Tomato... especially Fra Diavolo which has a little kick to it.


----------



## ArtMusic (Jan 5, 2013)

Seems just about almost any sauce goes with spaghetti. Even a simple brown sauce. But my favorite is a creamy cheesy one of some sort.


----------



## Tristan (Jan 5, 2013)

violadude said:


> My favorite is arrabiata.


Mine too. I love making my own arrabbiata sauce 

I prefer spicy ones. With regular marinara, I usually like to sprinkle some pepper flakes on it.

I've had a lot of good spaghetti sauces due to my Italian relatives, but nothing beats arrabbiata in my mind.


----------



## MoonlightSonata (Mar 29, 2014)

I haven't tried spicy ones before. I'll see if I can find any.


----------



## ArtMusic (Jan 5, 2013)

MoonlightSonata said:


> I haven't tried spicy ones before. I'll see if I can find any.


Just add some dry chilli flakes to a nice tomato sauce.
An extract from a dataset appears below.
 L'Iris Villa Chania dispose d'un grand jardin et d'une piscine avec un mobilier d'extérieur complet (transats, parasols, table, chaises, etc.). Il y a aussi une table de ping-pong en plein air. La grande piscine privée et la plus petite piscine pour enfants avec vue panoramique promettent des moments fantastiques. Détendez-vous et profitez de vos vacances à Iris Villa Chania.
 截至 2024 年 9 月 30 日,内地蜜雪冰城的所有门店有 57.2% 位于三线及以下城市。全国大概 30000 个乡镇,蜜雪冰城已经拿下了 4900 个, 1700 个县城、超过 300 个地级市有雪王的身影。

It works.


----------



## musicrom (Dec 29, 2013)

Maybe I'm weird, but I don't think pasta and sauce go well together at all. I'd much rather just have cheese on my pasta.


----------



## Kopachris (May 31, 2010)

Sauteed garlic and shallots (or replace with garlic powder and onion powder after adding the tomatoes)
1:1 hamburger and mild Italian sausage, browned and drained
Several diced Roma tomatoes (maybe add a small can of tomato sauce for body/volume)
Sliced button mushrooms
Oregano
Basil
Sage
Bay leaf

Let simmer all day before serving.


----------



## ribonucleic (Aug 20, 2014)

This sauce, by Italian food authority Marcella Hazan, looks ridiculously simple. But it will earn you the reputation of a tomato sauce god.
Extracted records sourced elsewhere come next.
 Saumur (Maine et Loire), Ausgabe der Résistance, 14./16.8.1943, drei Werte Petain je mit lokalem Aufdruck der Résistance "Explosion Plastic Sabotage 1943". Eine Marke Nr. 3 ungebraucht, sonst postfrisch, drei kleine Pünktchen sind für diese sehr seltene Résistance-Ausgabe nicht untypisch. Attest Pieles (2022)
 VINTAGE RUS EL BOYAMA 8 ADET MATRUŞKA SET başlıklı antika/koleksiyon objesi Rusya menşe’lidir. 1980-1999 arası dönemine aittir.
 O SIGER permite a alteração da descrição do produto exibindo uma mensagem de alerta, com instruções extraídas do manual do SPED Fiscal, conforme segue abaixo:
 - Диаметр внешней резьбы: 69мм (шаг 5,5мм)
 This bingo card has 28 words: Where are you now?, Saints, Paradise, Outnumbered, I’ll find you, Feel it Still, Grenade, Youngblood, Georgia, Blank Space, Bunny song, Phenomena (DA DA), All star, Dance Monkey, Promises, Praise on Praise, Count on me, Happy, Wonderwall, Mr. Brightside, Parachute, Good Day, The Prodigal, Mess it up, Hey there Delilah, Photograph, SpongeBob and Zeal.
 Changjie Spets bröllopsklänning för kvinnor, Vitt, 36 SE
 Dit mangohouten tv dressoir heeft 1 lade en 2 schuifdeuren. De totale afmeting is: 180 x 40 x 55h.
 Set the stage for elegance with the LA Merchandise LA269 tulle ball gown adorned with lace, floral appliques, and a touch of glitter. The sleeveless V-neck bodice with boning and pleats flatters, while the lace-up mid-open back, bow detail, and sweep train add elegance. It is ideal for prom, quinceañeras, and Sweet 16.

2 26-oz. cans San Marzano crushed tomatoes (no substitutions)
1 stick unsalted butter
2 medium onions, peeled, cut in half
salt
sugar


Put tomatoes, butter, and onions in a pot. Cook uncovered at a slow simmer until reduced to a desired consistency, about 1 hour. Discard onion. Add salt and sugar to taste.


----------



## Jos (Oct 14, 2013)

Amatriciana for me.

Cheers, 
Jos


----------



## Headphone Hermit (Jan 8, 2014)

ArtMusic said:


> Seems just about almost any sauce goes with spaghetti. Even a simple brown sauce. But my favorite is a creamy cheesy one of some sort.


I'm not sure satay would


----------



## Headphone Hermit (Jan 8, 2014)

musicrom said:


> Maybe I'm weird, but I don't think pasta and sauce go well together at all. I'd much rather just have cheese on my pasta.
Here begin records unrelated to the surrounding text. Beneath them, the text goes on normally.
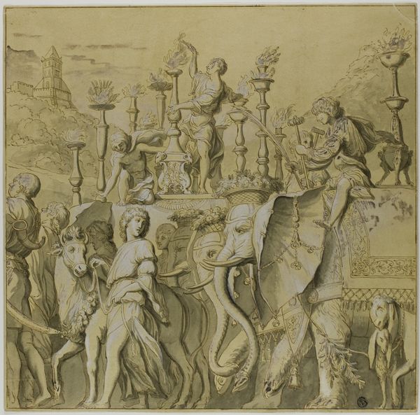 Editor: So, this is *Triumphs of Julius Caesar: Canvas No. VI*, dating back to the 18th century and currently at the Art Institute of Chicago. It's by Andrea Mantegna and done with pen and ink on paper. The procession feels incredibly grand, almost theatrical, but I wonder, how do we unpack all the layers of history packed into this scene? Curator: It's a powerful piece precisely because it speaks to how history is constructed and consumed. Think about it: Mantegna, in the Renaissance, is already looking back at Rome, filtering it through a very specific lens of humanist ideals and courtly power. These "triumphs" were potent symbols, not just of military victory, but of the ruler's right to rule, constantly reinforced through public displays and, later, artworks like this. What do you notice about who gets to participate in this constructed glory? Editor: Well, most people seem to be caught in the spectacle of the triumph. There are figures hauling loot. Musicians seem detached. It's hard to miss the overwhelming display of military power. Curator: Exactly. And who commissioned such imagery? Certainly not the conquered, but the ruling class, to bolster their own image. It tells us a lot about how societies used and manipulated historical narratives for contemporary political gain. Do you think the artist is endorsing the triumphs themselves? Or subtly critiquing them? Editor: That’s a tough question. The grandeur suggests endorsement, but the sheer scale could also highlight the hubris of empire. It’s certainly a powerful statement about the creation of historical narrative. Curator: It shows how much our interpretation relies on understanding the social and political currents within which it was created, reminding us that history is always a conversation. Editor: Absolutely. Thinking about the artwork in terms of cultural construction gives a whole new understanding of its context.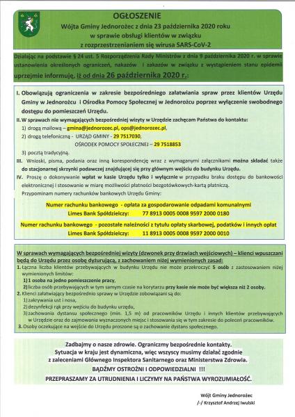Ogłoszenie Wójta Gminy Jednorożec z dnia 23 października 2020 roku w sprawie obsługi klientów w związki z rozprzestrzenianiem się wirusa SARS-CoV-2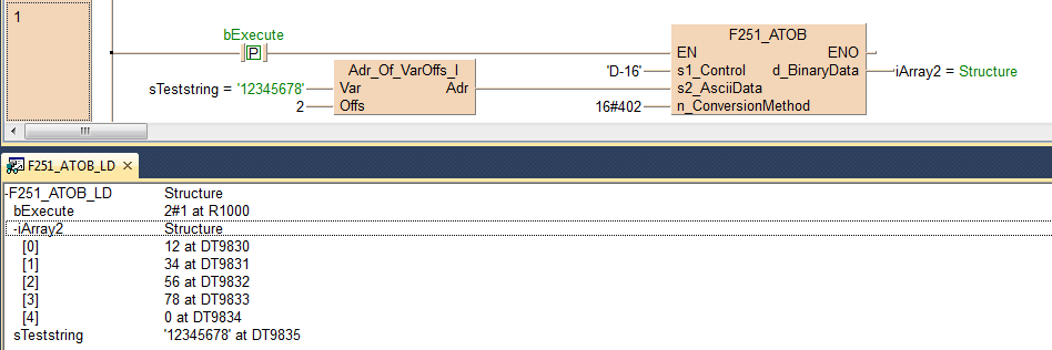 END_VARLorsque bExecute est sur TRUE, l’instruction est exécutée. Elle convertit 2 x 4 caractères ASCII décimaux en données binaires. Offset = 0 caractère ASCII (8 bits).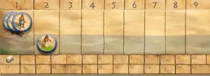When a player moves his marker, in the course of the game, to the lowest space, he adds 3 stones to his tableau.
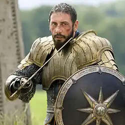 In the 2008 cinematic adaptation, Miraz is portrayed by Sergio Castellitto, an accomplished Italian actor hypothesized by IGN as chosen "to give the Telmarines a Latin-Mediterranean ethnic flavor."[7] The New York Times' review noted that the film's "major source of dramatic energy is the villain, Caspian’s uncle Miraz, who is played with malignant grandeur" by Castellitto.[8] While panning the movie as a whole, movie critic Mick LaSalle found Miraz "square-shouldered and decisive and, by medieval king standards, probably not all that bad. His beard may be too pointy for virtue, but he's hardly evil enough to make it worth yanking the Pevensie siblings out of 1940s England."[9] In an extended critique of the movie, Steven D. Boyer complains that the rivalry between Caspian and Peter is nowhere in the books, but is rather itself a reflection of Miraz' original character.[10]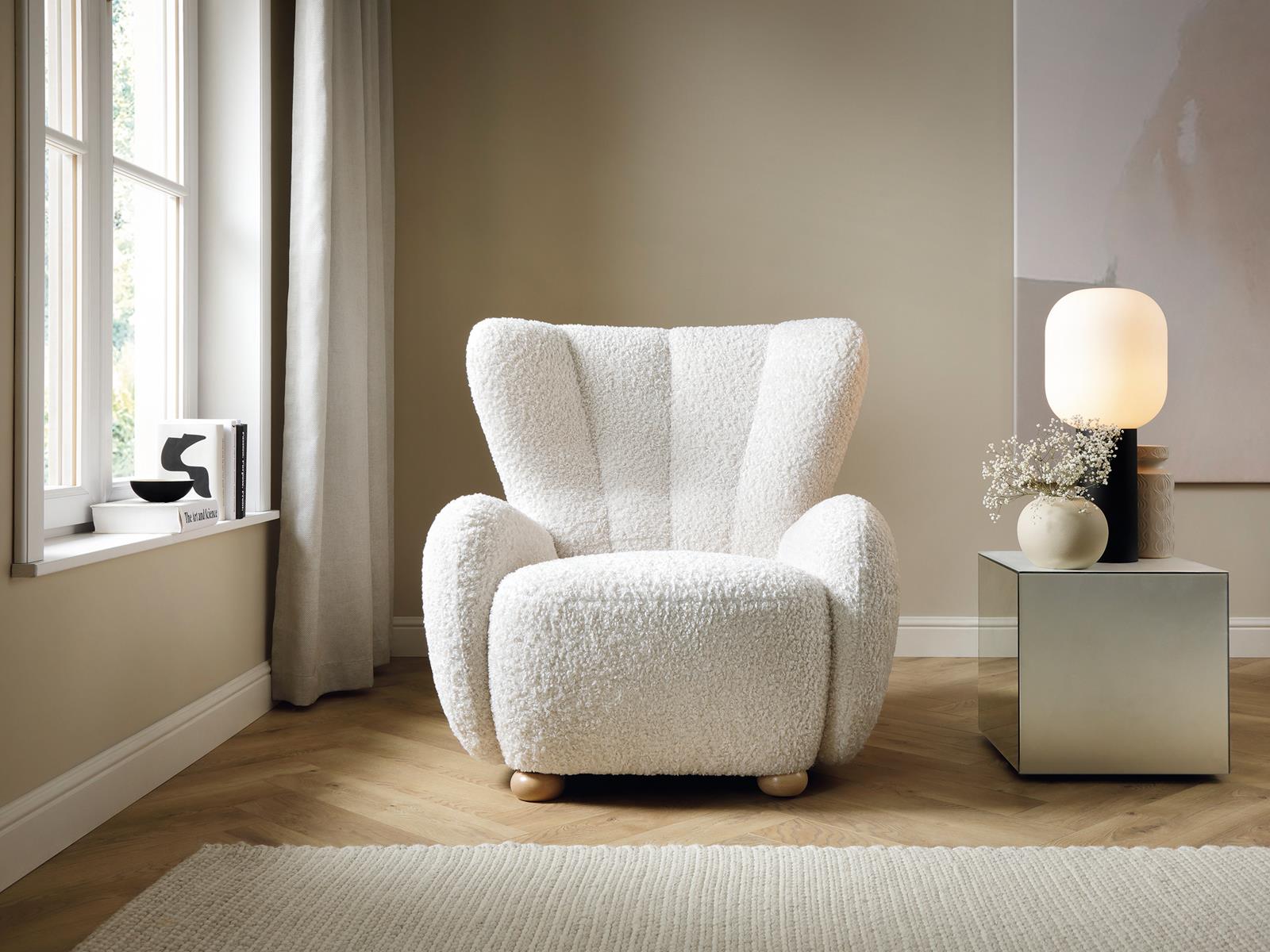 Stylowy komfortowy fotel miedziany w tkaninie baranek w stylu boho MONIS

I'm not sure I could live with so much excitement on my plate :lol:


----------



## norman bates (Aug 18, 2010)

my favorites in the list are carbonara (altough I don't know what "creamy alfredo" means) and pesto. In general I love in many ways. Some of my favorites are spaghetti with mussels or clams:








with botargo:








with sea urchins:


----------



## Krummhorn (Feb 18, 2007)

I make my own from scratch:

Fresh diced tomatoes, tomato sauce, tomato paste, oregano, garlic, chopped onion, bay leaves ... simmer in a crock pot for at least 5 hours.


----------



## ArtMusic (Jan 5, 2013)

Krummhorn said:


> I make my own from scratch:
> 
> Fresh diced tomatoes, tomato sauce, tomato paste, oregano, garlic, chopped onion, bay leaves ... simmer in a crock pot for at least 5 hours.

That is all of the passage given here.